Zacząłem od rysunku:
Objaśniam kolory:
- żółty – kantówka 20×20, dostałem w kawałkach po 1m
- niebieski – wałki gładkie fi10
- zielony – listewki 10×30, niestety udało mi się dostać 10×25, więc jest jedna więcej niż na rysunkach
- biały – deseczka 60×20, może być min. 40×20 lub zależy to od wycinanego łuku
- szary – listewka 10×10
Po pocięciu wszystkiego w odpowiednich długościach i sztukach, natrasowałem punkty pod otwory szczebelków i wywierciłem otwory na głębokość ok. 10mm – połowa wymiaru kantówki. Niestety nie mam z tego etapu żadnego zdjęcia
Pierwsze przymiarki:
Pierwsze płozy szlifowałem ręcznie i niestety nie trzymały wymiaru. Żeby już nie psuć kolejnego kawałka deseczki dorobiłem szybko prowizoryczną szlifierkę:
Mając nowe narzędzie zaokrągliłem trochę każdy słupek. W połączeniu z pierwszymi, poprawionymi “profesjonalnym” narzędziem, płozami efekt przeszedł moje oczekiwania. Całość nabrała fajnego, lekkiego wyglądu:
Podmieniając tą kantówkę na zaokrągloną deskę, miałem też więcej miejsca na minięcie się konfirmat
Pozostało dokręcić płozy i przybić deseczki pod materac:
Do całości projektu przydałby się jeszcze materacyk, ale skąd wziąć materacyk w dzień przed Wigilią :-)
Przeszukując wszystkie “przydasie” znalazła się gąbka, kawałek materiału. Pozostało odpalić maszynę do szycia i materac gotowy:
Całość przed malowaniem wyglądała tak:
Kilka dni po świętach wspólnie z dziećmi zabraliśmy się za malowanie, kolor oczywiście biały:
No to Dobranoc!
Super!
Bardzo fajnie wyszło. Nie rozumiem tylko o jaką wigilię ci chodzi? :)
Może Wigilia Paschalna :D? Haha, łóżeczko bardzo fajne! Dobry pomysł ze szlifierką. Trzeba sobie radzić :)
Że zacytuję autora:
“Większość prac musiałem robić w konspiracji przed młodzieżą, bo kołyskę miał przynieść Mikołaj.”
Więc chyba to było przed świętami Bożego Narodzenia ;)
Dokładnie, to była zabawka na ostatnie Boże Narodzenie. Trochę w niedoczasie jestem żeby wrzucać częściej :-)

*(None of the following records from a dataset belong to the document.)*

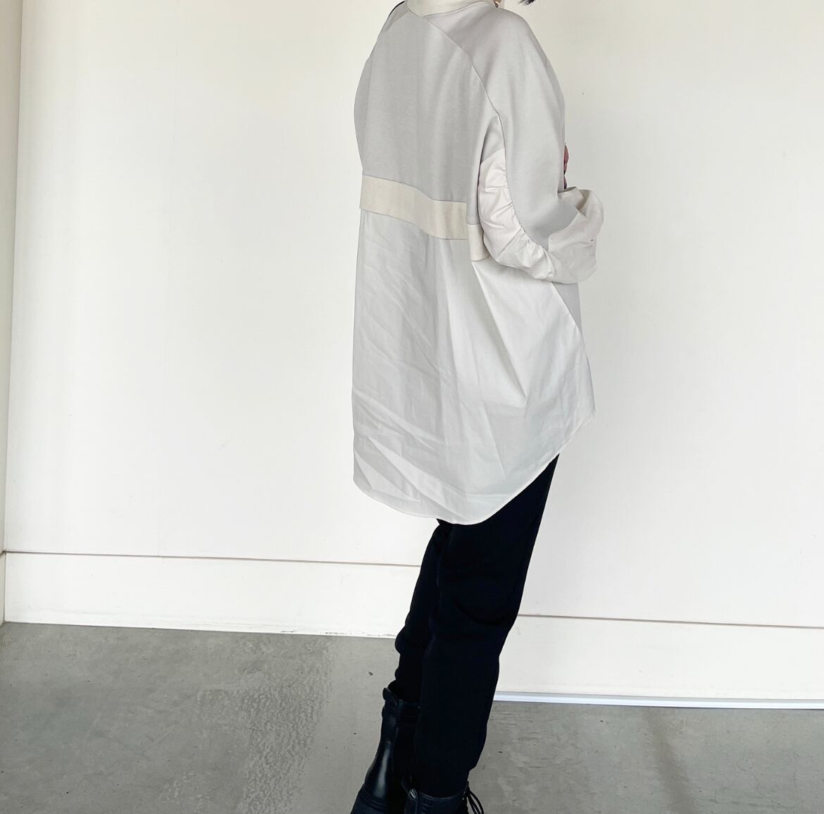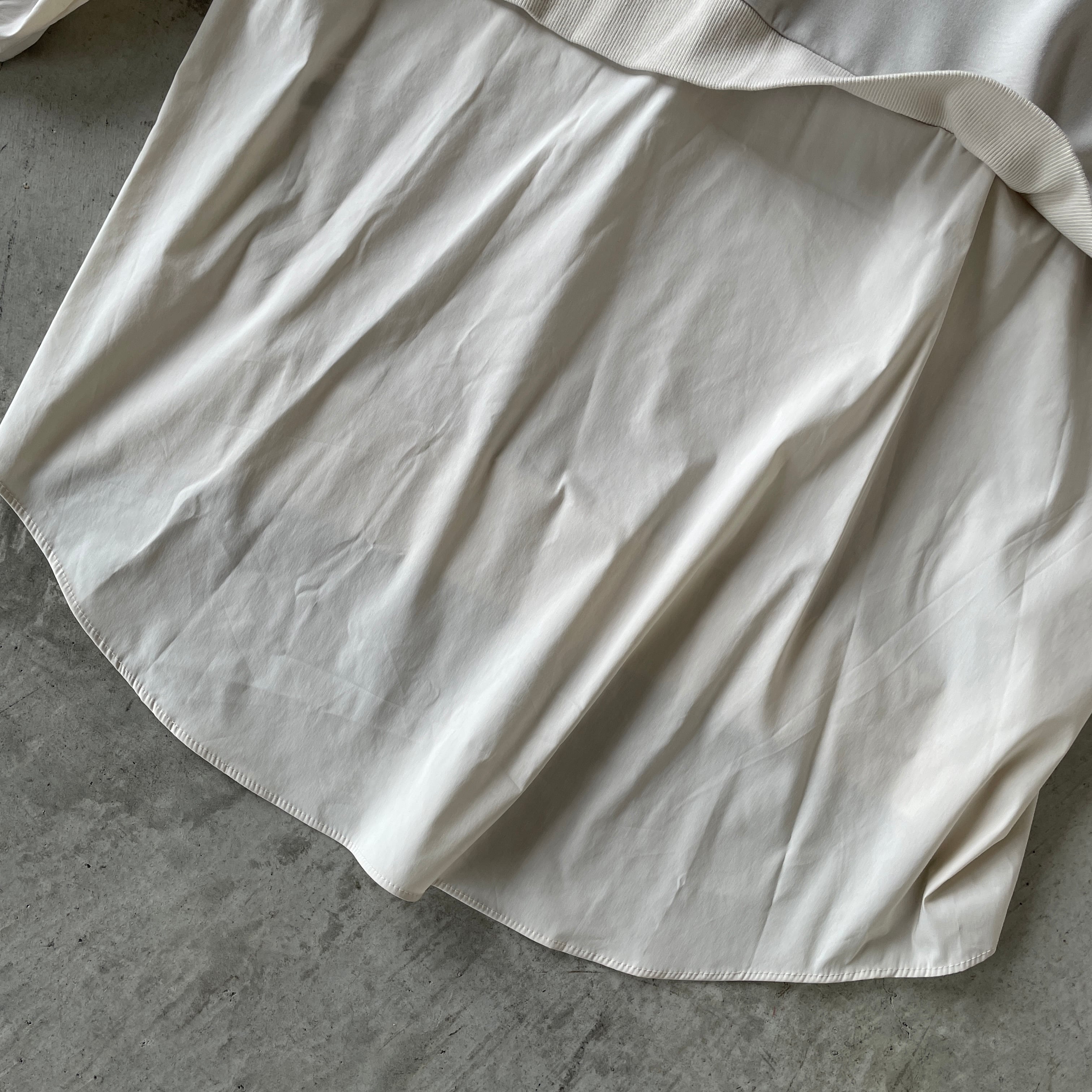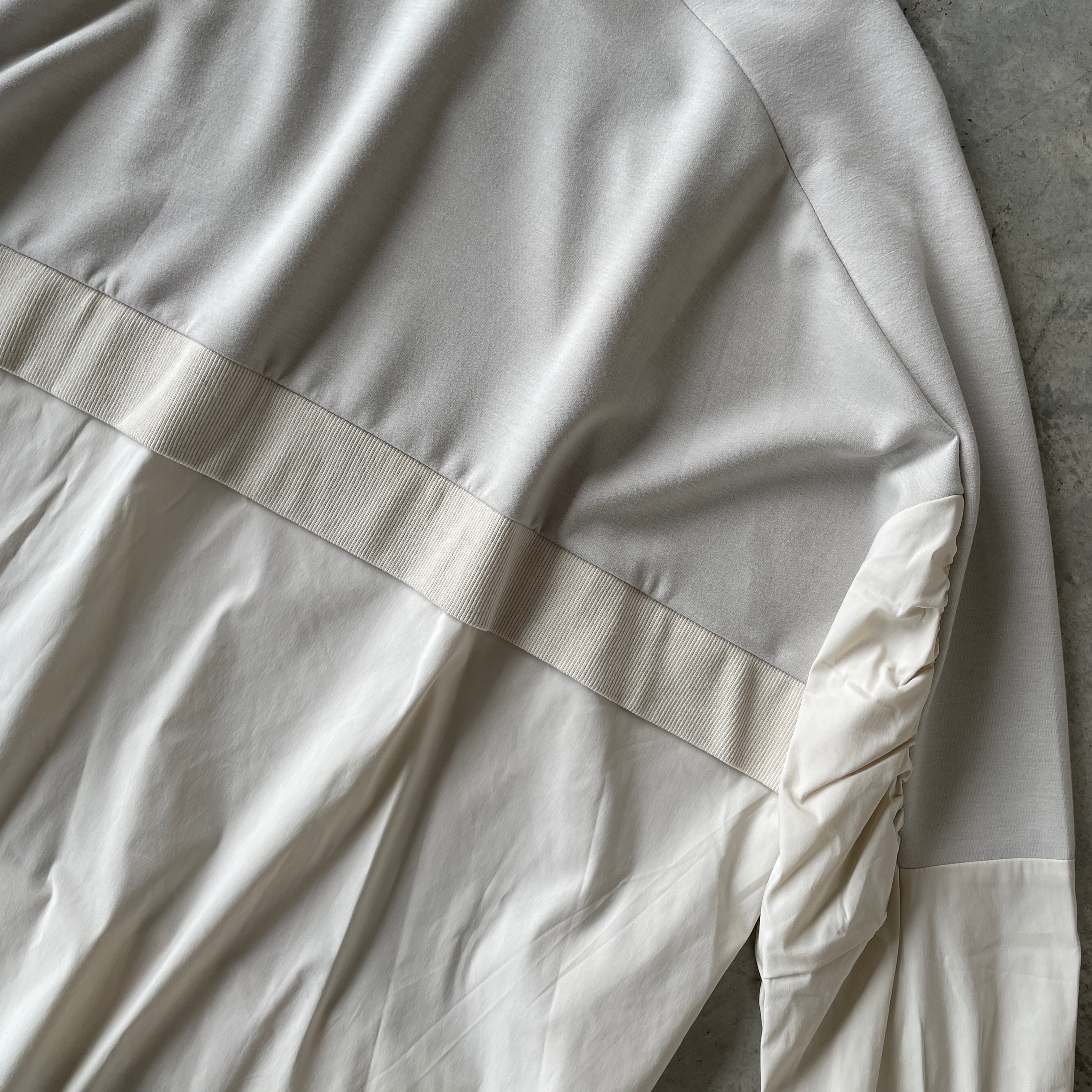 1枚でしっかり存在感あり♪柔らか素材で着心地も抜群◎♪ カット素材&布帛ドッキングプルオーバートップスです。
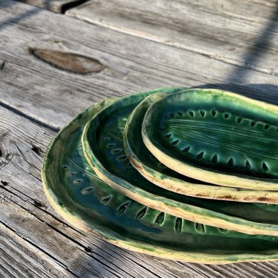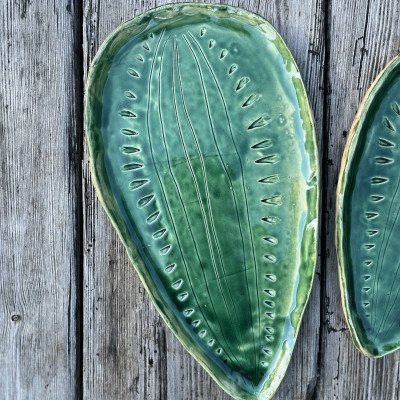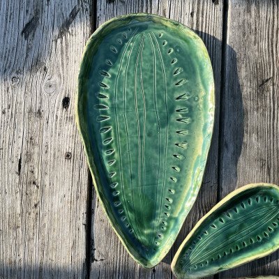 Piękna patera dekoracyjna w kształcie kaktusa. Pokryta soczystym zielonym półtransparentnym szkliwem oraz błyszczącą hiszpańską czerwienią. Idealna na wyeksponowanie Twoich przekąsek na drugie śniadanie :-)
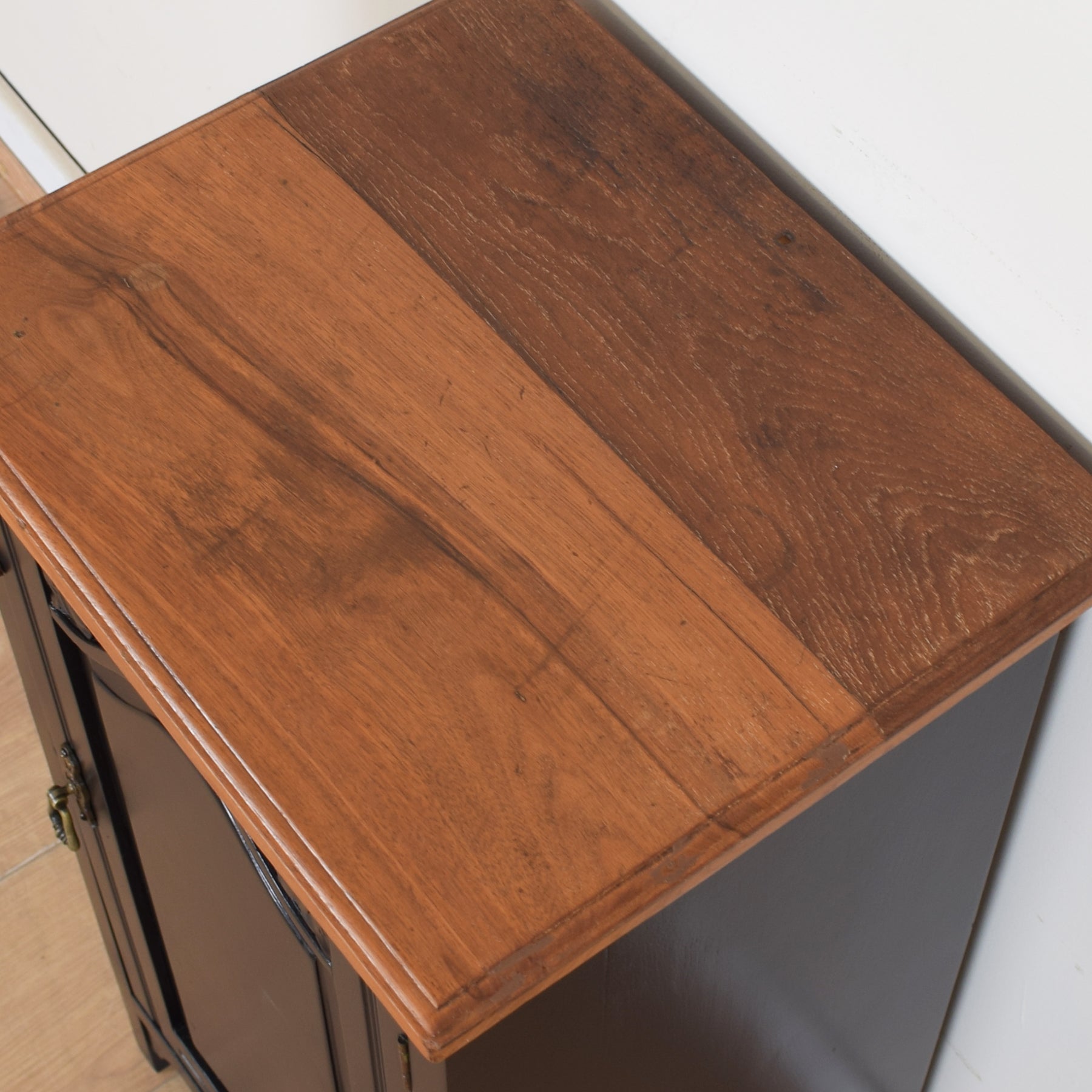 Our restoration workshop has carefully stripped this bedside before applying a matte lacquer finish to the surface, which enhances the colour and grain of the mahogany while providing protection. The remaining parts have been painted black, creating a striking contrast with the natural wood.
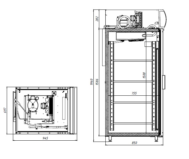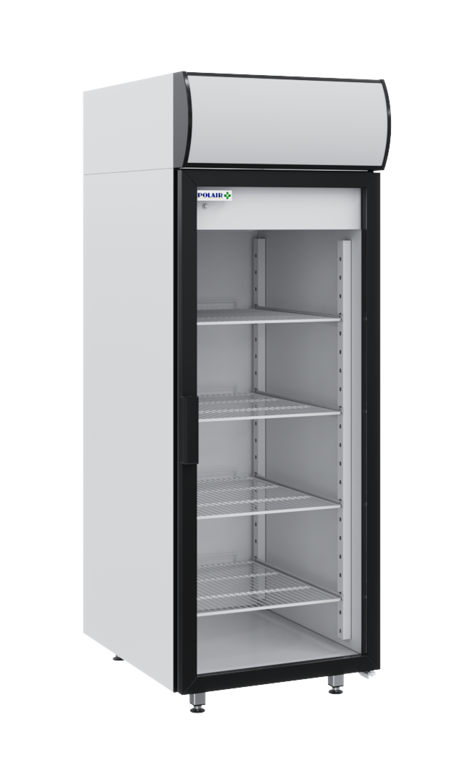 Просторный холодильный шкаф объемом 700 л с дверью в алюминиевой раме с заменяемым стеклопакетом оснащен внутренней вертикальной подсветкой и подсветкой канапе. Динамическая система охлаждения гарантирует равномерное охлаждение фармацевтических препаратов на всех полках шкафов. Оттайка осуществляется автоматически, вода испаряется из ванночки слива.
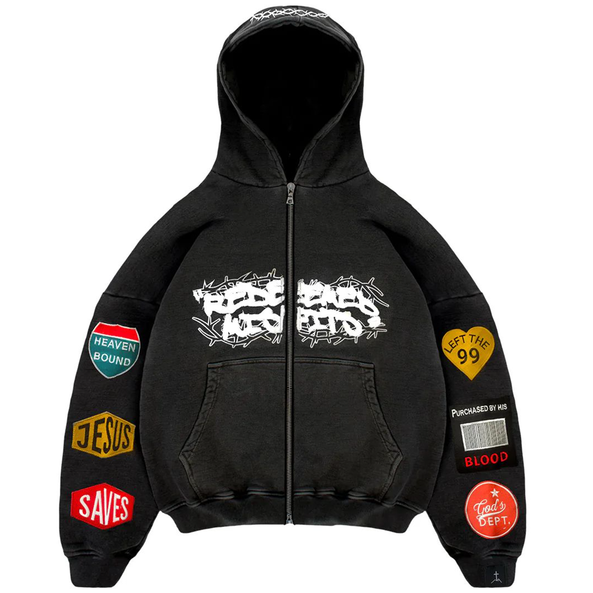 'THE REDEMPTION' ZIP UP HOODIE VINTAGE WASH/BLACK
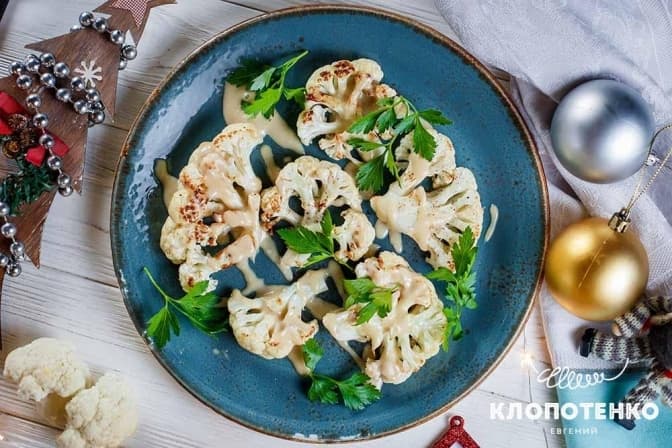 Головку цвітної капусти добре промийте та висушіть. Розріжте капусту вздовж навпіл, потім наріжте кожну з половинок уздовж на слайси товщиною приблизно 1 см. Потім за допомогою ножа відокремте суцвіття капусти від основи. Розігрійте пательню з 1 ст. л. рослинної олії. Обсмажте капусту до золотистої скоринки з обох боків, посоліть і поперчіть за смаком, додайте 0,5 ч. л. ароматних сухих трав. Для приготування соусу змішайте пасту тахині (2 ст. л.) з 1 ст. л меду. Додайте лимонний сік (1 ст. л.) і добре перемішайте. Якщо ви захочете зробити соус більш рідким, додайте трохи теплої води і перемішайте. При подачі полийте цвітну капусту соусом з тахіні.

Co to jest Boże Narodzenie ?
Bardzo ładnie!! :)
> Pozostało dokręcić płozy
Jak to zrobiłeś? Konformatem od dołu (od spodu płozy)?
Od spodu nawiercony otwór przez płozy w nóżkę. Głębszy żeby nie było widać łbów.
Świetna robota, ponownie, gratuluję :-)
Super sprawa. Żona mnie teraz męczy, żeby zrobić podobny córce ;)
Wyszła pięknie i jak tak na to wszystko patrzę nie wygląda to takie trudne do wykonania, chyba już wiem co mój mąż będzie robił w długi majowy weekend :)
Jako miłośnik stolarstwa powiem, że wykonanie perfekcyjne jak na domowe warunki.
Bardzo dziękuję :-) Warunki domowe rzeczywiście dość ograniczają.
wspaniała sprawa taka kołyska. W prawdzie nie mam jeszcze dzieci, ale pomysł podchwycę..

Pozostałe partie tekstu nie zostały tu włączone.